═════ MATERIAL SUPPLIED ═════

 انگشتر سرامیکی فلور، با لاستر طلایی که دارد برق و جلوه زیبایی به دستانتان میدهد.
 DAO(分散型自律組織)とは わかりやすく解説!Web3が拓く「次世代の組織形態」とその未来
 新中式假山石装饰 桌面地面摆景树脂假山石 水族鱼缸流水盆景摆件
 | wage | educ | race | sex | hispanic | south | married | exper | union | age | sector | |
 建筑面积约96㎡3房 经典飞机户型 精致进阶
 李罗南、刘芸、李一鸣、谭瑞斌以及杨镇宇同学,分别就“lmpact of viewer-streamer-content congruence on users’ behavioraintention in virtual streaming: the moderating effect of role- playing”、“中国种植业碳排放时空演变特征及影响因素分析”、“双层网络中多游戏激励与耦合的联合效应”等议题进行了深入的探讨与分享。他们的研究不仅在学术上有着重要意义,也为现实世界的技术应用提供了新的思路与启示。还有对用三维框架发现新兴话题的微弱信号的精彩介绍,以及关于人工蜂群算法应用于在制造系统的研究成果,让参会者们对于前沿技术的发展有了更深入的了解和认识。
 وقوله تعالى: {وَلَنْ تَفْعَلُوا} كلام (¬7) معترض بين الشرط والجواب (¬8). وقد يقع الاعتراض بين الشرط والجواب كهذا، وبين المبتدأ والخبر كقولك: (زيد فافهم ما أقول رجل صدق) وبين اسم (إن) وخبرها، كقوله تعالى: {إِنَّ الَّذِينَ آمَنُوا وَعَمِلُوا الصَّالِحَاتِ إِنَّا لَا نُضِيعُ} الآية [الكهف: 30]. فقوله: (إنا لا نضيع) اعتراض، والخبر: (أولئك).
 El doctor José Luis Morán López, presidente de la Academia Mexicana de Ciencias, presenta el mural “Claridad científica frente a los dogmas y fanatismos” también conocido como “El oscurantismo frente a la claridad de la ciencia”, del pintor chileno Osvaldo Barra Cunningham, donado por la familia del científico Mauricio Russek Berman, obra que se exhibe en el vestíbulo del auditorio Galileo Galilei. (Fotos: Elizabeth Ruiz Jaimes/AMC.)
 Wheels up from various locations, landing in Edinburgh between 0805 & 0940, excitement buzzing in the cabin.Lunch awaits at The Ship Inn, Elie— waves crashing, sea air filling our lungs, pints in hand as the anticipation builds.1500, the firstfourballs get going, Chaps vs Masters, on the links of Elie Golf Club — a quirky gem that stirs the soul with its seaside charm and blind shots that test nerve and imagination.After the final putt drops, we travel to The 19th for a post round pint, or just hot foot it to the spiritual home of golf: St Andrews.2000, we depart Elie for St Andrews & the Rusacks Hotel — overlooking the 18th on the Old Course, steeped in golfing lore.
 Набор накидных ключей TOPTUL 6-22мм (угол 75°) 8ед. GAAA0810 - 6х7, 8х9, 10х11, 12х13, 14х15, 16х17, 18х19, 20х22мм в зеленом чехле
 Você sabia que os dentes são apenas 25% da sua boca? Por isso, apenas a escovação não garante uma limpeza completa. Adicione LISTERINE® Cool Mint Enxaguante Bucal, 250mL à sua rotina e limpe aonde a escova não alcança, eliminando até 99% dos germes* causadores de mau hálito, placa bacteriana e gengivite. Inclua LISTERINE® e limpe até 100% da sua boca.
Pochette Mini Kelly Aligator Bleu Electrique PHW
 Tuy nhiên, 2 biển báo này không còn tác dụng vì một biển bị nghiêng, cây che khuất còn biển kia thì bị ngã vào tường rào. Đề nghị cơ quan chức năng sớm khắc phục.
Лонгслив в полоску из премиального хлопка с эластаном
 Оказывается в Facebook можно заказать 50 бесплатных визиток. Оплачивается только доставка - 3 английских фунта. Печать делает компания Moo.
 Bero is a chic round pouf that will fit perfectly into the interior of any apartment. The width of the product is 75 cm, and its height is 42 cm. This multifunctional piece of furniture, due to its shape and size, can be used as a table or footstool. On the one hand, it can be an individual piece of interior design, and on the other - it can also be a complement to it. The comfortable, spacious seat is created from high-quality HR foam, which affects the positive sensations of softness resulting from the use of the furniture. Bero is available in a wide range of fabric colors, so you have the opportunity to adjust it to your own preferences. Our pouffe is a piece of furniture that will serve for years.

═════

**WHAT YOU WILL DO**:
From the entries above, restate word for word the lines from the line containing "新中式假山石装饰 桌面地面摆景树脂假山石 水族鱼缸流水盆景摆件" to the line containing "of viewer-streamer-content congruence", both ends included, and nothing more.

**THE ANSWER**:
 新中式假山石装饰 桌面地面摆景树脂假山石 水族鱼缸流水盆景摆件
 | wage | educ | race | sex | hispanic | south | married | exper | union | age | sector | |
 建筑面积约96㎡3房 经典飞机户型 精致进阶
 李罗南、刘芸、李一鸣、谭瑞斌以及杨镇宇同学,分别就“lmpact of viewer-streamer-content congruence on users’ behavioraintention in virtual streaming: the moderating effect of role- playing”、“中国种植业碳排放时空演变特征及影响因素分析”、“双层网络中多游戏激励与耦合的联合效应”等议题进行了深入的探讨与分享。他们的研究不仅在学术上有着重要意义,也为现实世界的技术应用提供了新的思路与启示。还有对用三维框架发现新兴话题的微弱信号的精彩介绍,以及关于人工蜂群算法应用于在制造系统的研究成果,让参会者们对于前沿技术的发展有了更深入的了解和认识。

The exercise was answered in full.